Und zugleich leben wir in einer Zeit, in der Experten bei der Beschreibung unserer Wirklichkeit von Molekülen und ihren Geschwindigkeiten und den Wahrscheinlichkeiten ihrer Anordnung sprechen, von Elektronen und ihren Aufenthaltswahrscheinlichkeiten und von Elementarteilchen und hochfrequenten Wellen. Der deutsche Philosoph Max Bense hat in diesem Zusammenhang bereits 1949 von einer technischen Existenz gesprochen, die „keine Landschaften und Gärten, keine Häuser am sanften Hang oder auf der leichten Dünung“ mehr bewohnt, sondern „ein Netz von sichtbaren und nicht sichtbaren Funktionen und Relationen, Strukturen und Aggregaten aus Metallen und künstlichen Gesteinen, die sie Dörfer, Städte, Staaten und Kontinente genannt haben.“[4]

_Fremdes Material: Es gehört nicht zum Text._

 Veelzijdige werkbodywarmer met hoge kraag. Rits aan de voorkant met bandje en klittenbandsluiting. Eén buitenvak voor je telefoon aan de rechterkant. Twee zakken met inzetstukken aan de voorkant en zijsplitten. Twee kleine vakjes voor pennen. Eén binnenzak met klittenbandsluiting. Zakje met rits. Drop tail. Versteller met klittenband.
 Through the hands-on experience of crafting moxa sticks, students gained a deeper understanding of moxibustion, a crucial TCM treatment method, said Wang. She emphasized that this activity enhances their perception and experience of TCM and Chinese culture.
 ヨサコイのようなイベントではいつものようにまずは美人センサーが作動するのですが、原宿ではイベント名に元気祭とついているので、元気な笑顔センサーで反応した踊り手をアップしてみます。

Die Frage, die daher am Anfang dieses Textes stehen muss, lautet: Wie nehmen wir Realität wahr? Und damit sind nicht die biologischen und neurologischen Voraussetzungen des menschlichen Körpers gemeint, sondern die medialen Schnittstellen, die wir zwischen uns und unsere Umwelt stellen.

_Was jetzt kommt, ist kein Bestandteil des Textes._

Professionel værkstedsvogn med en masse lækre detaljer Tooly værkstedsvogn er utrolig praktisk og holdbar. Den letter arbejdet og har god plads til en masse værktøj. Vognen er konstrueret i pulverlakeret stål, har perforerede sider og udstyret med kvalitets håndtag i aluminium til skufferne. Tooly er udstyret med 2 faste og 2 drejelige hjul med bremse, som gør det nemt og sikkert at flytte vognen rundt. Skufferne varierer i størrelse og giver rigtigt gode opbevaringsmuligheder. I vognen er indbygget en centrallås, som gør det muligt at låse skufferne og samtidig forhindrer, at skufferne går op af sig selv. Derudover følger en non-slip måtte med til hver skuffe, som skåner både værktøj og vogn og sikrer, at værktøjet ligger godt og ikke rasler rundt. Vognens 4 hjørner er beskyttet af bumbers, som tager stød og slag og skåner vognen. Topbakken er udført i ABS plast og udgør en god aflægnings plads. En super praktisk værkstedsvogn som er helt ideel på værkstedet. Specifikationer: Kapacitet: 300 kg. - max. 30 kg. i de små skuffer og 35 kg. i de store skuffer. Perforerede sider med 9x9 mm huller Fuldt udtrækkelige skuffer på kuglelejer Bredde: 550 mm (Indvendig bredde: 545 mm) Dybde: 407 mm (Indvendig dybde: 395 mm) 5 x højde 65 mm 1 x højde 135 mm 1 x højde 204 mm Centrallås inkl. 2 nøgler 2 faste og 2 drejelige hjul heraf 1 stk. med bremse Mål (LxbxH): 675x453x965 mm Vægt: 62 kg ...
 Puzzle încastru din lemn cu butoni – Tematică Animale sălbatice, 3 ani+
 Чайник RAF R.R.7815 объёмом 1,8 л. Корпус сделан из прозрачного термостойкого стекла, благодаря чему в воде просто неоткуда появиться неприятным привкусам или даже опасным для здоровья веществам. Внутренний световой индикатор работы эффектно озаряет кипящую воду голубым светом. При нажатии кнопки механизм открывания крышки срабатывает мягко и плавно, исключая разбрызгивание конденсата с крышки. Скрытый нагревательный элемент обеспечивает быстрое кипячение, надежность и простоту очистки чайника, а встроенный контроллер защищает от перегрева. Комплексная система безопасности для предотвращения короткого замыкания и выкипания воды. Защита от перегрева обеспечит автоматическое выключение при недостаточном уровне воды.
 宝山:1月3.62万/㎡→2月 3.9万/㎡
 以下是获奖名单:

Berührung der Wirklichkeit
Die titelgebende Arbeit des Kataloges ist ein Triptychon aus Acrylglas, das in Form und Oberfläche dem Erscheinungsbild der omnipräsenten Smartphones angeglichen ist, ja den signifikanten Umrissformen sogar „maßstabsgetreu“ (Moschik) angepasst wurde. Die Bildobjekte „vermitteln dem Betrachter intuitiv die Bildfläche als Trägerfläche von Information“, wie Melitta Moschik erläutert und rufen im postmedialen Zeitalter in Erinnerung, dass Kunstwerke zu allen Zeiten Träger von Wissen und Information waren.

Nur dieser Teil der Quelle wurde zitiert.